Three-Dimensional Bioprinting for Intervertebral Disc Regeneration

Abstract

The rising demand for organ transplants and the need for precise tissue models have positioned the in vitro biomanufacturing of tissues and organs as a pivotal area in regenerative treatment. Considerable development has been achieved in growing tissue-engineered intervertebral disc (IVD) scaffolds, designed to meet stringent mechanical and biological compatibility criteria. Among the cutting-edge approaches, 3D bioprinting stands out due to its unparalleled capacity to organize biomaterials, bioactive molecules, and living cells with high precision. Despite these advancements, polymer-based scaffolds still encounter limitations in replicating the extracellular matrix (ECM)-like environment, which is fundamental for optimal cellular activities.

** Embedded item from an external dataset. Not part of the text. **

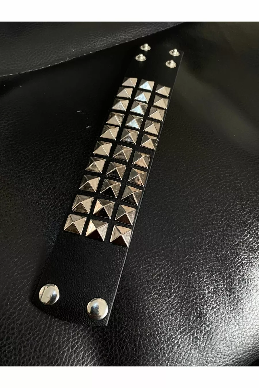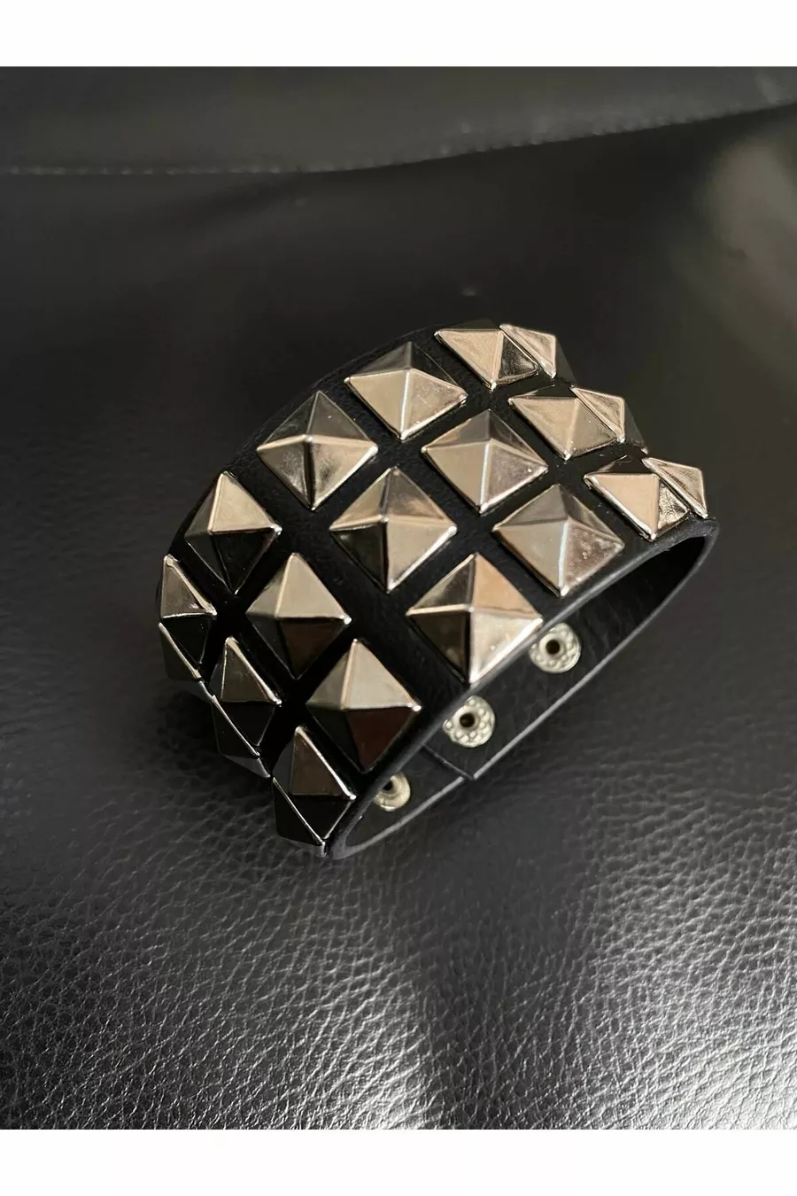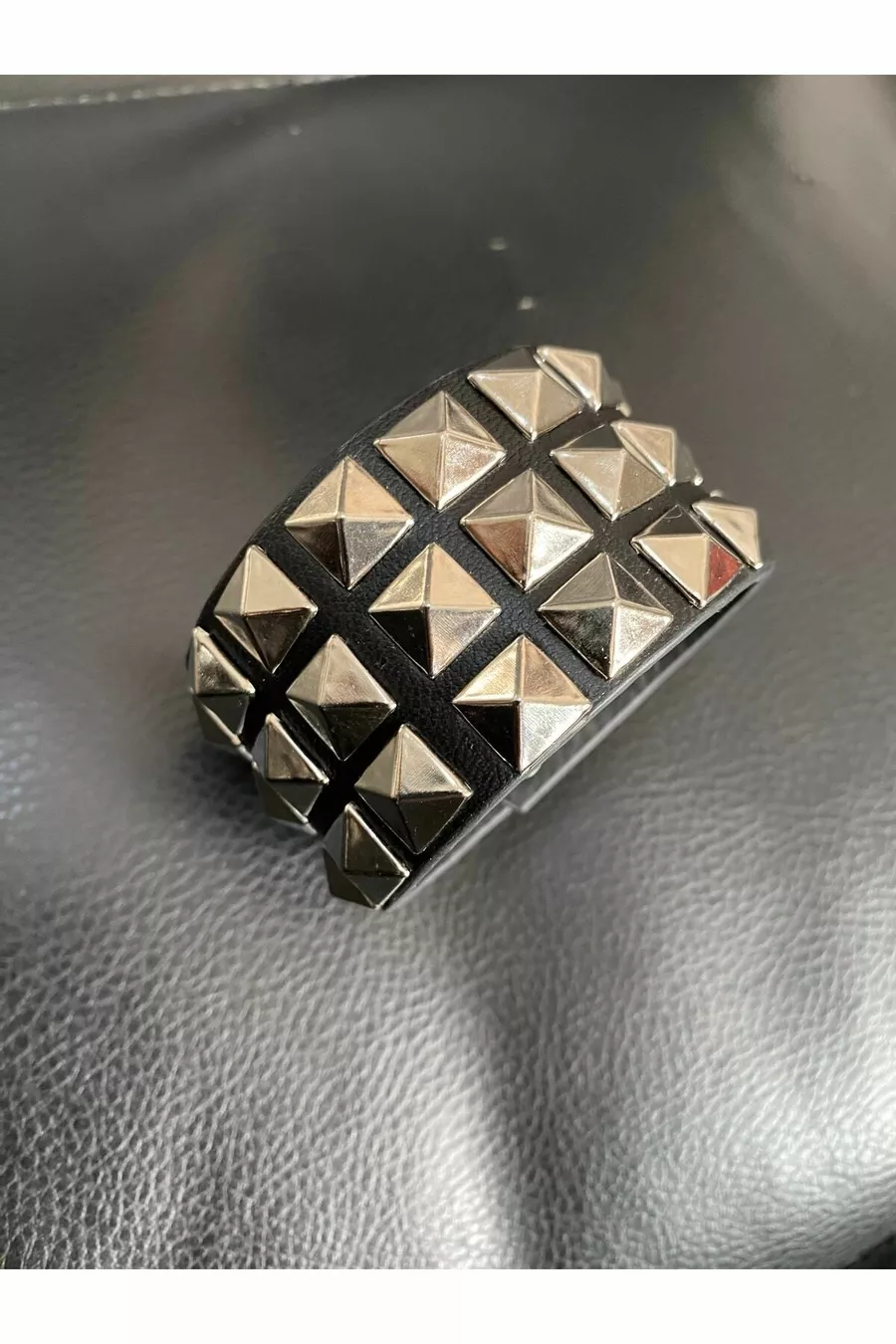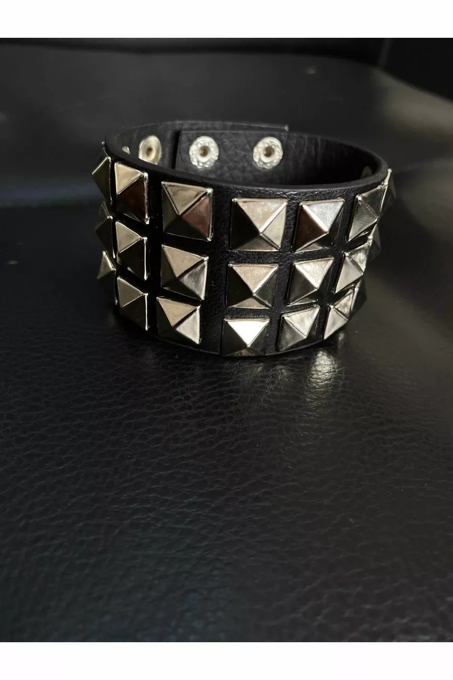 Bracelet gothique métal à pyramide à trois rangs 4 cm, cm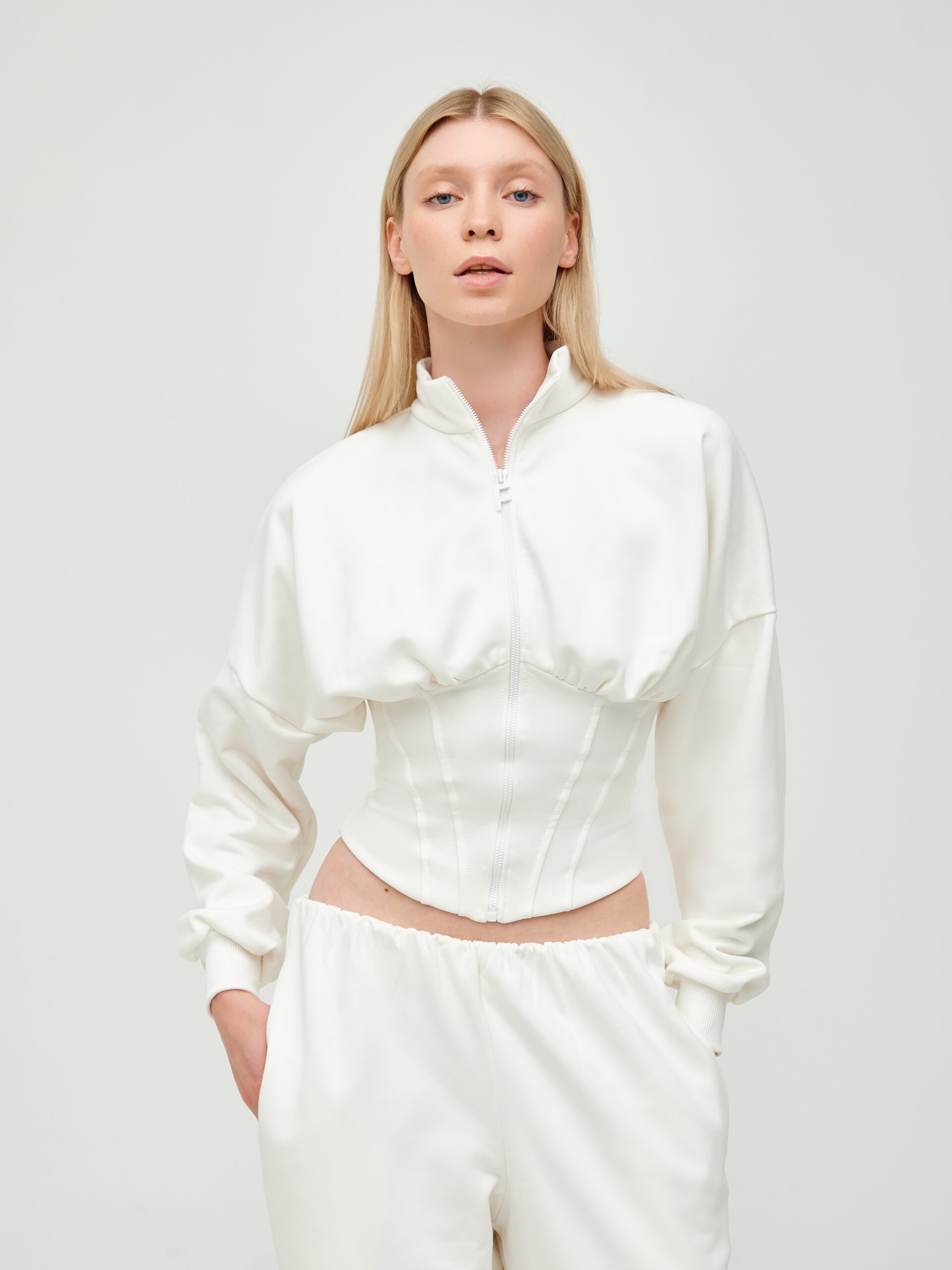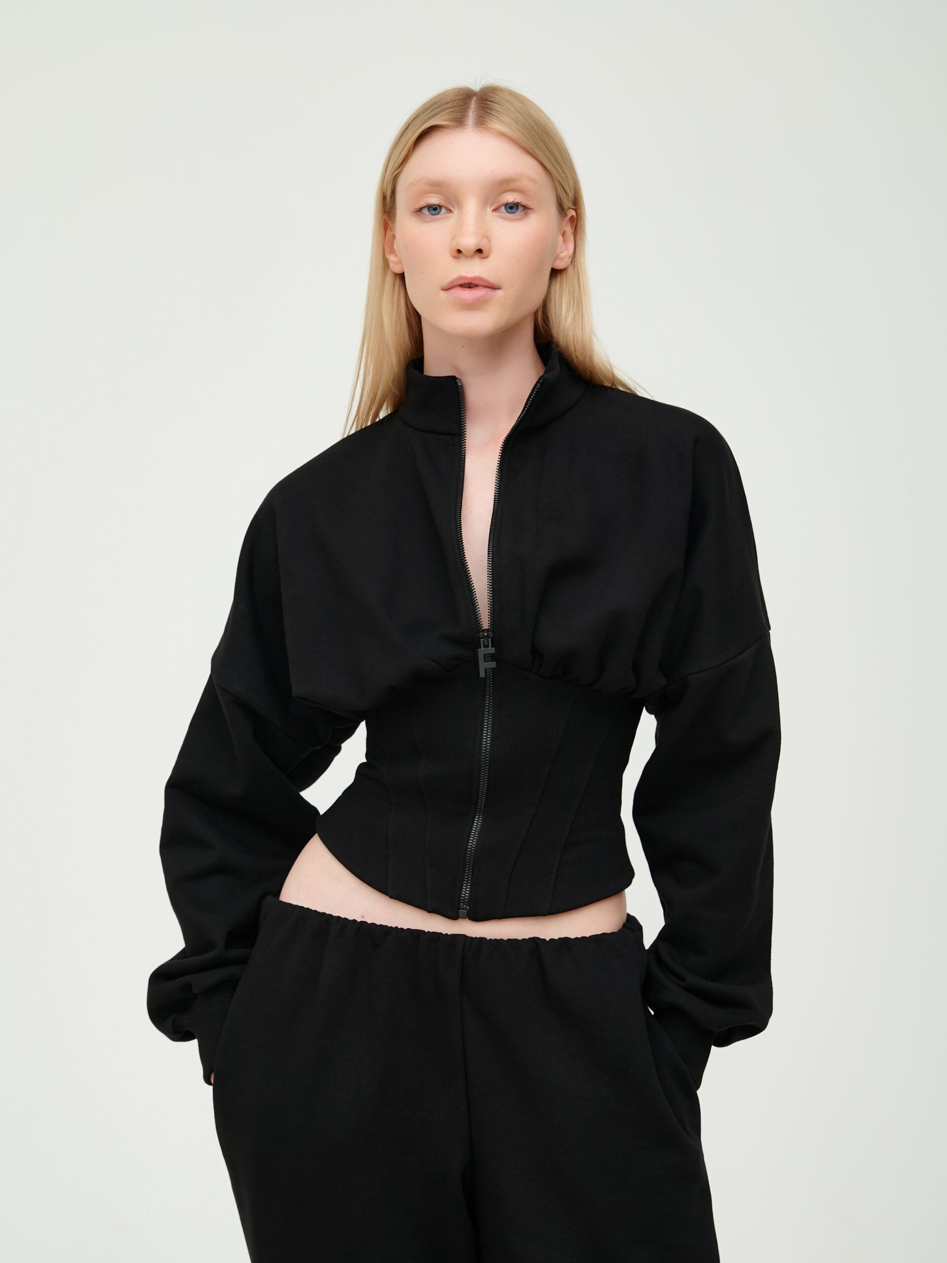 Описание: Кофта свободного кроя на молнии с корсетной зоной, изготовлена из мягкого футера 3-х нитки. Подчёркивает все достоинства фигуры, моделирует тело под форму «песочные часы».

To overcome these challenges, integrating polymers with hydrogels has been recommended as a promising solution. This combination enables the advancement of porous scaffolds that nurture cell adhesion, proliferation, as well as differentiation. Additionally, bioinks derived from the decellularized extracellular matrix (dECM) have exhibited potential in replicating biologically relevant microenvironments, enhancing cell viability, differentiation, and motility. Hydrogels, whether derived from natural sources involving collagen and alginate or synthesized chemically, are highly valued for their ECM-like properties and superior biocompatibility. This review will explore recent advancements in techniques and technologies for IVD regeneration. Emphasis will be placed on identifying research gaps and proposing strategies to bridge them, with the goal of accelerating the translation of IVDs into clinical applications.

Keywords: 3D bioprinting; IVD; biomaterials; dECM.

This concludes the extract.